*** PROVIDED RECORDS ***
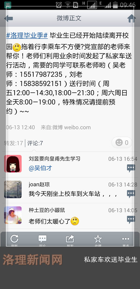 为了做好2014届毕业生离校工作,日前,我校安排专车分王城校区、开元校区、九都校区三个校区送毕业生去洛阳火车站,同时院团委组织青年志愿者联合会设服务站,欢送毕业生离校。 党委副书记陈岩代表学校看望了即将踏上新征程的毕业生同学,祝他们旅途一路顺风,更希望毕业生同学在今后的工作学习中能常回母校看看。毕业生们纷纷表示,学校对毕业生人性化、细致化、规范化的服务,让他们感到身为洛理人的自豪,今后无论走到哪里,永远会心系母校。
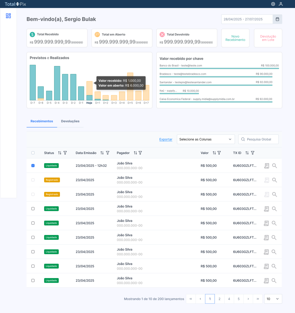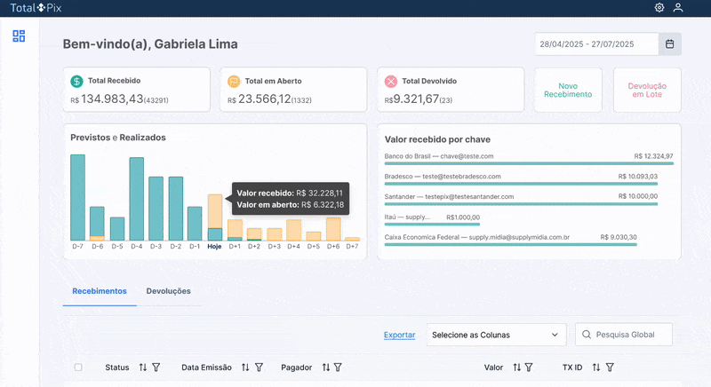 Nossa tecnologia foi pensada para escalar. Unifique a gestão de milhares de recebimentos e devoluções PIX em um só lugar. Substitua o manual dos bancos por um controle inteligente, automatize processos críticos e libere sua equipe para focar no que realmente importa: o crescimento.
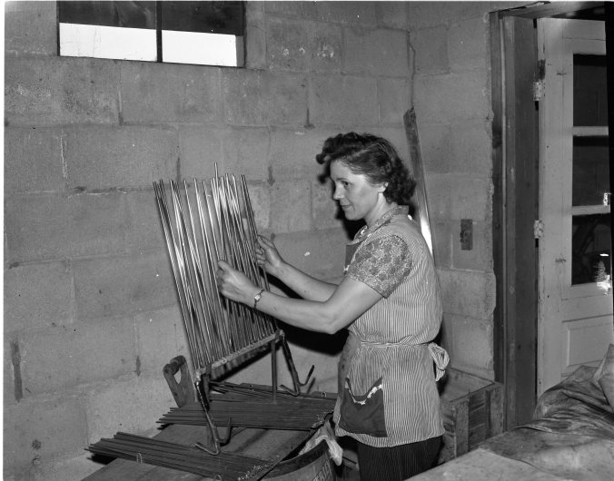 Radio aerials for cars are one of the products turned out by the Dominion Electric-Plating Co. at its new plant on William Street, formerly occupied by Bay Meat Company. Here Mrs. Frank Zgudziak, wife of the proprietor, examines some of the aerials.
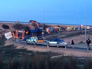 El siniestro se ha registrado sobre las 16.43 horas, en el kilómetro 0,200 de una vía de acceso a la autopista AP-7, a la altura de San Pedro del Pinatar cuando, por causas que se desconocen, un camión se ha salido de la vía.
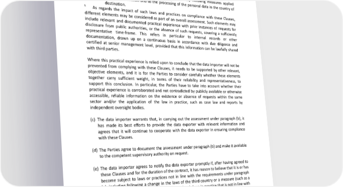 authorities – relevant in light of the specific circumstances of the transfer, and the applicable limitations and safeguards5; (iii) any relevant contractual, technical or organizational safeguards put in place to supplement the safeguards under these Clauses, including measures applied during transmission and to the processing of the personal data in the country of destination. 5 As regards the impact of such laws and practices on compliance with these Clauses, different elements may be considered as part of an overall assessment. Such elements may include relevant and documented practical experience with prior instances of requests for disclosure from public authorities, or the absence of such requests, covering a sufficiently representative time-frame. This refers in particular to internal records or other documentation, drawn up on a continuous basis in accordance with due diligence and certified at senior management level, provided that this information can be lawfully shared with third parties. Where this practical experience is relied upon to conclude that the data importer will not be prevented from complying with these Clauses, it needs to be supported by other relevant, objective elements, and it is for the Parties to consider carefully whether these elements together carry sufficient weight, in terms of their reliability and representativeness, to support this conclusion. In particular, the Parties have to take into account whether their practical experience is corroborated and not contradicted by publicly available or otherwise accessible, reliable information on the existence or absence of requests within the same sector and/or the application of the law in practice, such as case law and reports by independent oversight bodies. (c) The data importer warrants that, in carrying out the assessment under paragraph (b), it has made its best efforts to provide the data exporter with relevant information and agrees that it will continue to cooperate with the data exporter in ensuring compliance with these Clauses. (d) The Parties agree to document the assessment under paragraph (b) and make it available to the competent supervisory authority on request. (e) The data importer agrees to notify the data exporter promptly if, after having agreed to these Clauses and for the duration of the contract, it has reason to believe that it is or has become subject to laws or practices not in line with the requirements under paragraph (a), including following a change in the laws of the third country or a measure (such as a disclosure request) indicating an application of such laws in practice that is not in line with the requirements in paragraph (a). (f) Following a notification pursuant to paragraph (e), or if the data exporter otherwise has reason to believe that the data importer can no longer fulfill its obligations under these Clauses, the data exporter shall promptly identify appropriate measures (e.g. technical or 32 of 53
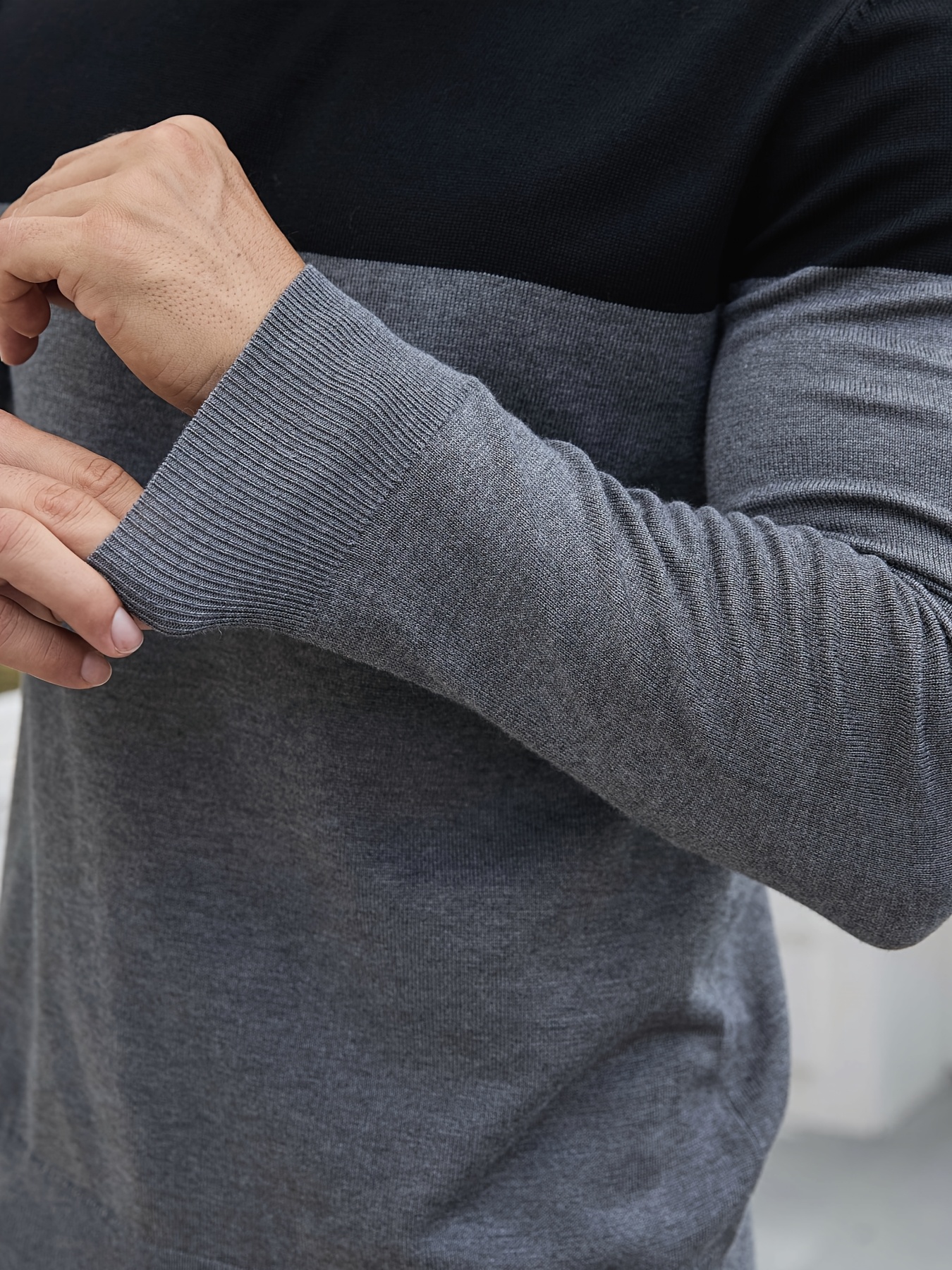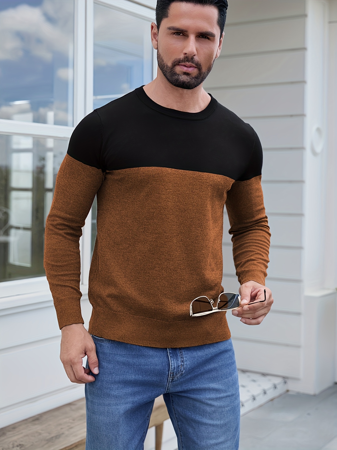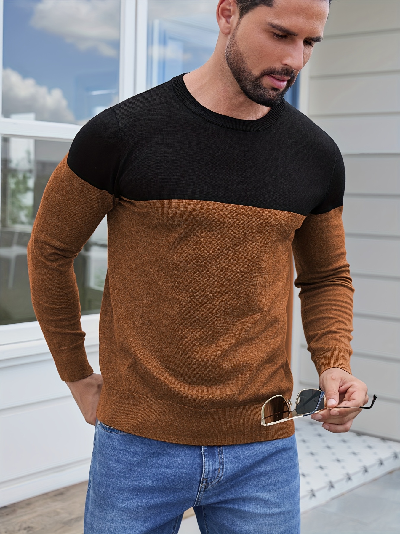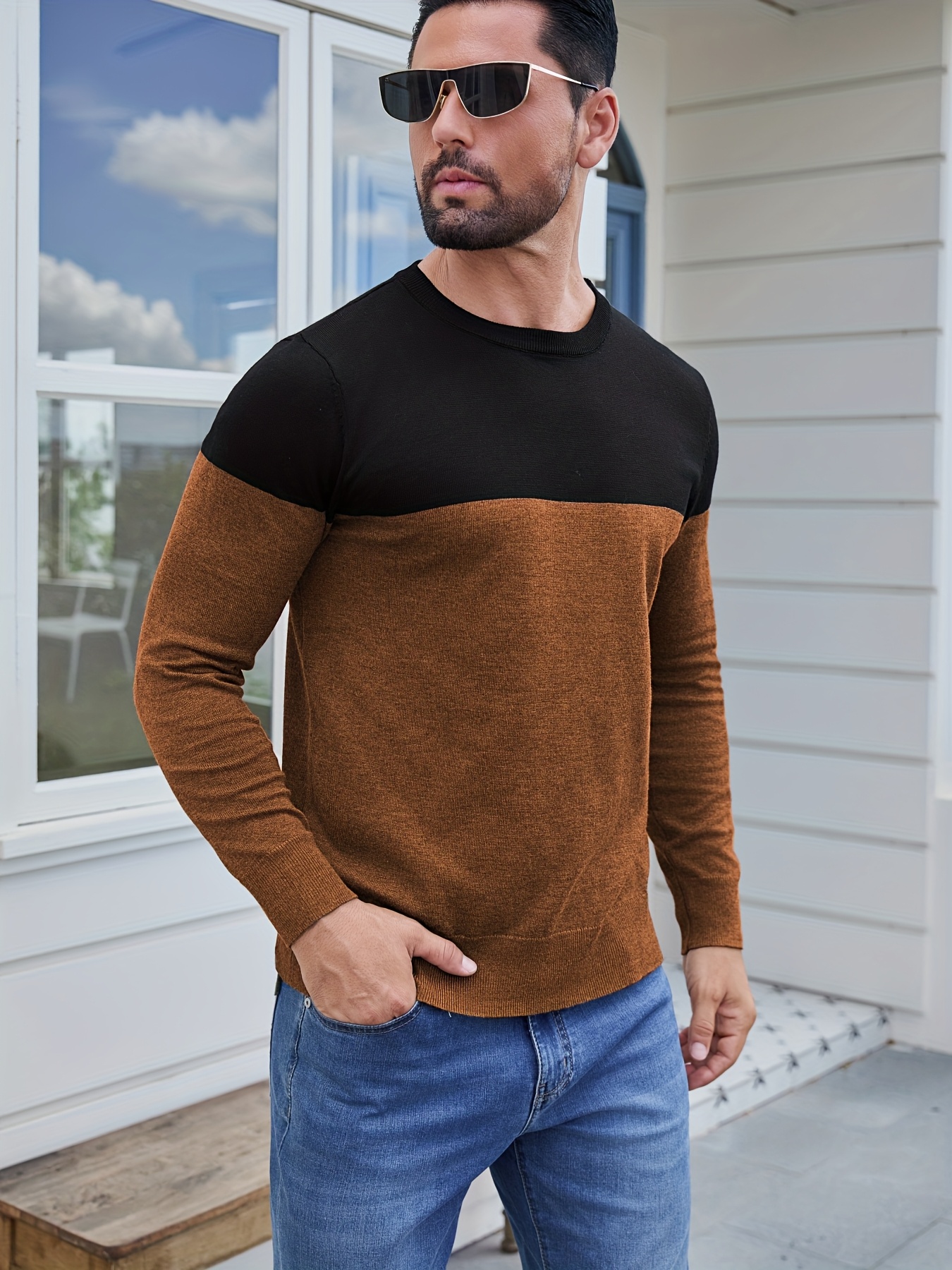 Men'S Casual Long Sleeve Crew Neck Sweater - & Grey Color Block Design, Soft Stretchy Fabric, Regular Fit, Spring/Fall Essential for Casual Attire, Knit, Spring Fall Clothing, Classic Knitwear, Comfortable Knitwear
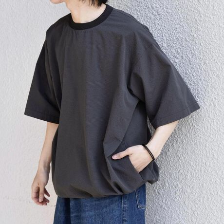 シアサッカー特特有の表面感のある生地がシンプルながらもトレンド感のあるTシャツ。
*** End of PROVIDED RECORDS ***
→ PROBLEM:
Apart from the images, please copy every line of the data exactly as written.

→ EXERCISE RESPONSE:
 为了做好2014届毕业生离校工作,日前,我校安排专车分王城校区、开元校区、九都校区三个校区送毕业生去洛阳火车站,同时院团委组织青年志愿者联合会设服务站,欢送毕业生离校。 党委副书记陈岩代表学校看望了即将踏上新征程的毕业生同学,祝他们旅途一路顺风,更希望毕业生同学在今后的工作学习中能常回母校看看。毕业生们纷纷表示,学校对毕业生人性化、细致化、规范化的服务,让他们感到身为洛理人的自豪,今后无论走到哪里,永远会心系母校。
 Nossa tecnologia foi pensada para escalar. Unifique a gestão de milhares de recebimentos e devoluções PIX em um só lugar. Substitua o manual dos bancos por um controle inteligente, automatize processos críticos e libere sua equipe para focar no que realmente importa: o crescimento.
 Radio aerials for cars are one of the products turned out by the Dominion Electric-Plating Co. at its new plant on William Street, formerly occupied by Bay Meat Company. Here Mrs. Frank Zgudziak, wife of the proprietor, examines some of the aerials.
 El siniestro se ha registrado sobre las 16.43 horas, en el kilómetro 0,200 de una vía de acceso a la autopista AP-7, a la altura de San Pedro del Pinatar cuando, por causas que se desconocen, un camión se ha salido de la vía.
 authorities – relevant in light of the specific circumstances of the transfer, and the applicable limitations and safeguards5; (iii) any relevant contractual, technical or organizational safeguards put in place to supplement the safeguards under these Clauses, including measures applied during transmission and to the processing of the personal data in the country of destination. 5 As regards the impact of such laws and practices on compliance with these Clauses, different elements may be considered as part of an overall assessment. Such elements may include relevant and documented practical experience with prior instances of requests for disclosure from public authorities, or the absence of such requests, covering a sufficiently representative time-frame. This refers in particular to internal records or other documentation, drawn up on a continuous basis in accordance with due diligence and certified at senior management level, provided that this information can be lawfully shared with third parties. Where this practical experience is relied upon to conclude that the data importer will not be prevented from complying with these Clauses, it needs to be supported by other relevant, objective elements, and it is for the Parties to consider carefully whether these elements together carry sufficient weight, in terms of their reliability and representativeness, to support this conclusion. In particular, the Parties have to take into account whether their practical experience is corroborated and not contradicted by publicly available or otherwise accessible, reliable information on the existence or absence of requests within the same sector and/or the application of the law in practice, such as case law and reports by independent oversight bodies. (c) The data importer warrants that, in carrying out the assessment under paragraph (b), it has made its best efforts to provide the data exporter with relevant information and agrees that it will continue to cooperate with the data exporter in ensuring compliance with these Clauses. (d) The Parties agree to document the assessment under paragraph (b) and make it available to the competent supervisory authority on request. (e) The data importer agrees to notify the data exporter promptly if, after having agreed to these Clauses and for the duration of the contract, it has reason to believe that it is or has become subject to laws or practices not in line with the requirements under paragraph (a), including following a change in the laws of the third country or a measure (such as a disclosure request) indicating an application of such laws in practice that is not in line with the requirements in paragraph (a). (f) Following a notification pursuant to paragraph (e), or if the data exporter otherwise has reason to believe that the data importer can no longer fulfill its obligations under these Clauses, the data exporter shall promptly identify appropriate measures (e.g. technical or 32 of 53
 Men'S Casual Long Sleeve Crew Neck Sweater - & Grey Color Block Design, Soft Stretchy Fabric, Regular Fit, Spring/Fall Essential for Casual Attire, Knit, Spring Fall Clothing, Classic Knitwear, Comfortable Knitwear
 シアサッカー特特有の表面感のある生地がシンプルながらもトレンド感のあるTシャツ。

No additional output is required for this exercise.